● **EXERCISE DESCRIPTION**:
Leaving out any pictures, transcribe every record exactly.
*** INFORMATION SUPPLIED
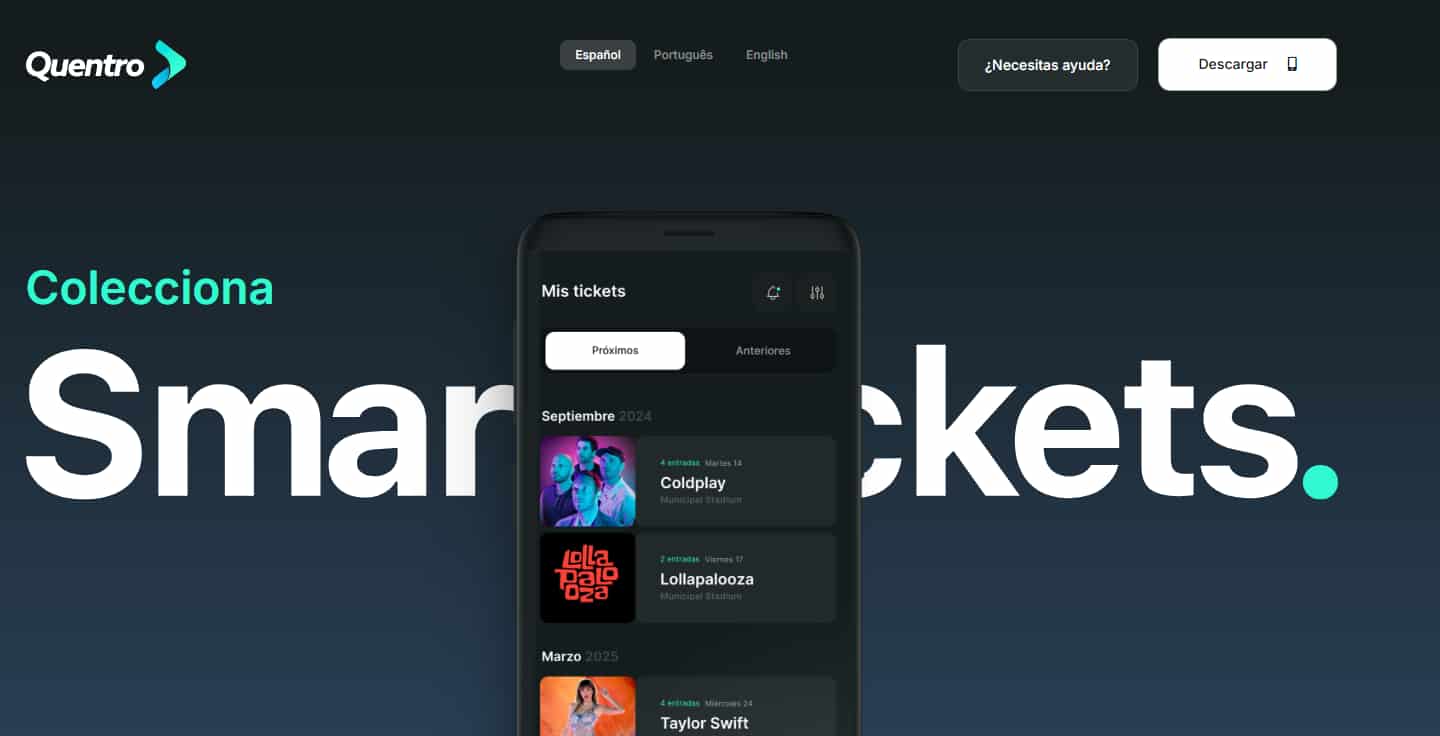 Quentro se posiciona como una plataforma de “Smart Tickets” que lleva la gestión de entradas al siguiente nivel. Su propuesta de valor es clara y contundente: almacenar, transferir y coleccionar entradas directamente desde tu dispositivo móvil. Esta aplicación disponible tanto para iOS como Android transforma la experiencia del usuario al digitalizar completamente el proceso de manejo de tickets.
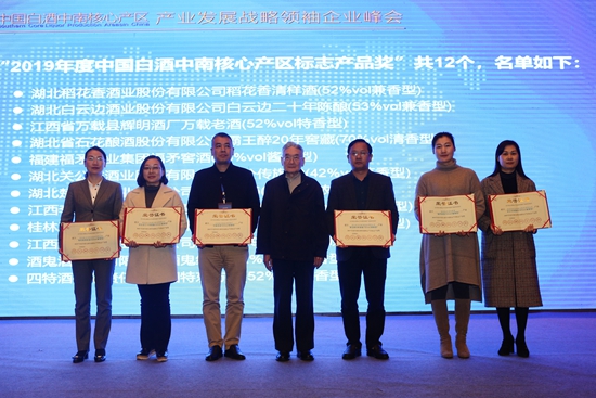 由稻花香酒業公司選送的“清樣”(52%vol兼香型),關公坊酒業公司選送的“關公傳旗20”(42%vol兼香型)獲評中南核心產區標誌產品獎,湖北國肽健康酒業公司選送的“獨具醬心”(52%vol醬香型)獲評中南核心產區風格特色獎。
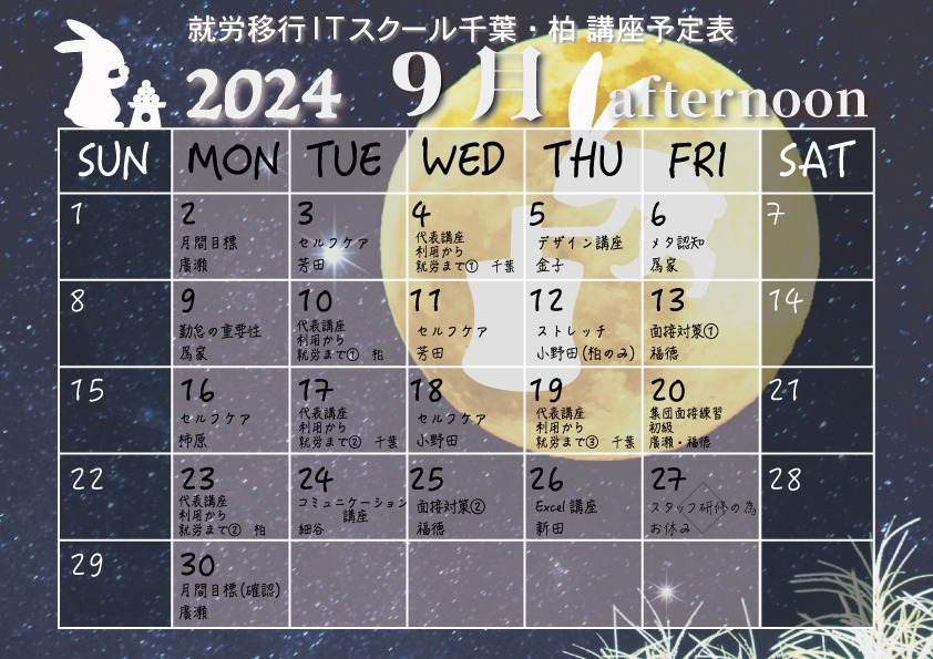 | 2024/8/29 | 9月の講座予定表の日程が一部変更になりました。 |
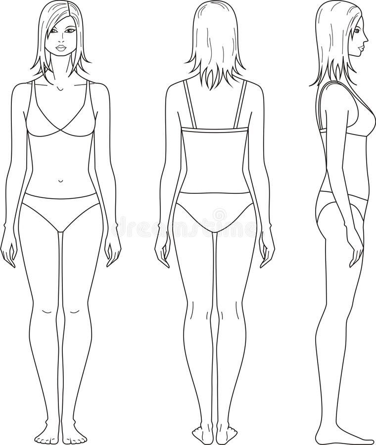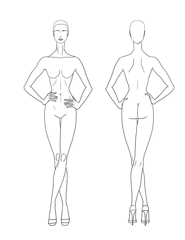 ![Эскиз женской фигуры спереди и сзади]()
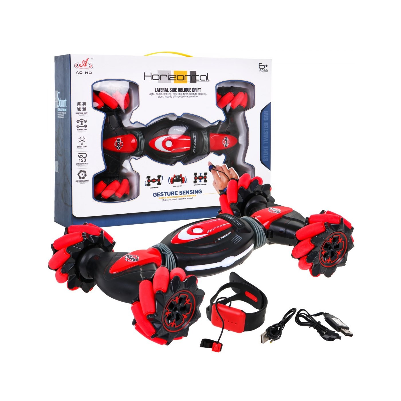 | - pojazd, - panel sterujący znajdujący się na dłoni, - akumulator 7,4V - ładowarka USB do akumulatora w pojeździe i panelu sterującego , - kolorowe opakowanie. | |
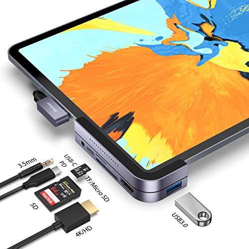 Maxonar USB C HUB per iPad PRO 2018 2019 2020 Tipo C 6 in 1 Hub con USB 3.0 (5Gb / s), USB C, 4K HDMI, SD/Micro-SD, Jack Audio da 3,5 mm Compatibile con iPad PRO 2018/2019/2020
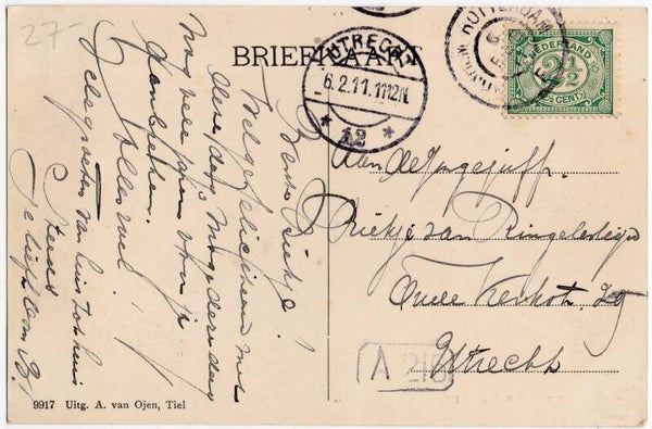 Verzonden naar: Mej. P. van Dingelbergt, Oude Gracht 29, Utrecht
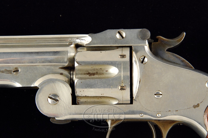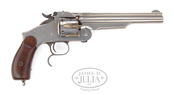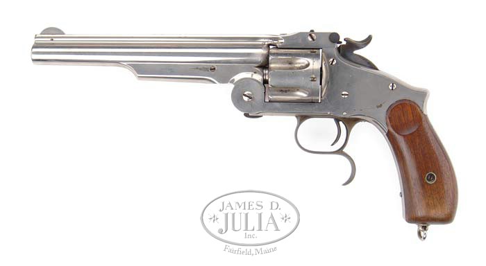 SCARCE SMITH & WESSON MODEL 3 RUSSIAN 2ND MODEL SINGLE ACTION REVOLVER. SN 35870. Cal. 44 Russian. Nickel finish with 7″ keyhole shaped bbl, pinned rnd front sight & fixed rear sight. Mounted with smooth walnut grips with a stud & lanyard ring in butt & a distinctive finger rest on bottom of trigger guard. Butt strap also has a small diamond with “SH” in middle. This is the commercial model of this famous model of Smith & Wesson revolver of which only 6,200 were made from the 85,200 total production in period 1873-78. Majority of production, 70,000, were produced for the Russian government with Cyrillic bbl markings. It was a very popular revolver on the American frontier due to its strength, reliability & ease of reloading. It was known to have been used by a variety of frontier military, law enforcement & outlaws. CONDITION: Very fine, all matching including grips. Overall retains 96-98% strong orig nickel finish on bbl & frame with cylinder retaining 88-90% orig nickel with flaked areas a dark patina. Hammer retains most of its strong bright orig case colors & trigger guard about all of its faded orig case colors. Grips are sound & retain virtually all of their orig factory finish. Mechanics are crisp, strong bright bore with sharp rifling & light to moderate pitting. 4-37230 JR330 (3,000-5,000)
******
● **RESULT FOR THIS EXERCISE**:
 Quentro se posiciona como una plataforma de “Smart Tickets” que lleva la gestión de entradas al siguiente nivel. Su propuesta de valor es clara y contundente: almacenar, transferir y coleccionar entradas directamente desde tu dispositivo móvil. Esta aplicación disponible tanto para iOS como Android transforma la experiencia del usuario al digitalizar completamente el proceso de manejo de tickets.
 由稻花香酒業公司選送的“清樣”(52%vol兼香型),關公坊酒業公司選送的“關公傳旗20”(42%vol兼香型)獲評中南核心產區標誌產品獎,湖北國肽健康酒業公司選送的“獨具醬心”(52%vol醬香型)獲評中南核心產區風格特色獎。
 | 2024/8/29 | 9月の講座予定表の日程が一部変更になりました。 |
 ![Эскиз женской фигуры спереди и сзади]()
 | - pojazd, - panel sterujący znajdujący się na dłoni, - akumulator 7,4V - ładowarka USB do akumulatora w pojeździe i panelu sterującego , - kolorowe opakowanie. | |
 Maxonar USB C HUB per iPad PRO 2018 2019 2020 Tipo C 6 in 1 Hub con USB 3.0 (5Gb / s), USB C, 4K HDMI, SD/Micro-SD, Jack Audio da 3,5 mm Compatibile con iPad PRO 2018/2019/2020
 Verzonden naar: Mej. P. van Dingelbergt, Oude Gracht 29, Utrecht
 SCARCE SMITH & WESSON MODEL 3 RUSSIAN 2ND MODEL SINGLE ACTION REVOLVER. SN 35870. Cal. 44 Russian. Nickel finish with 7″ keyhole shaped bbl, pinned rnd front sight & fixed rear sight. Mounted with smooth walnut grips with a stud & lanyard ring in butt & a distinctive finger rest on bottom of trigger guard. Butt strap also has a small diamond with “SH” in middle. This is the commercial model of this famous model of Smith & Wesson revolver of which only 6,200 were made from the 85,200 total production in period 1873-78. Majority of production, 70,000, were produced for the Russian government with Cyrillic bbl markings. It was a very popular revolver on the American frontier due to its strength, reliability & ease of reloading. It was known to have been used by a variety of frontier military, law enforcement & outlaws. CONDITION: Very fine, all matching including grips. Overall retains 96-98% strong orig nickel finish on bbl & frame with cylinder retaining 88-90% orig nickel with flaked areas a dark patina. Hammer retains most of its strong bright orig case colors & trigger guard about all of its faded orig case colors. Grips are sound & retain virtually all of their orig factory finish. Mechanics are crisp, strong bright bore with sharp rifling & light to moderate pitting. 4-37230 JR330 (3,000-5,000)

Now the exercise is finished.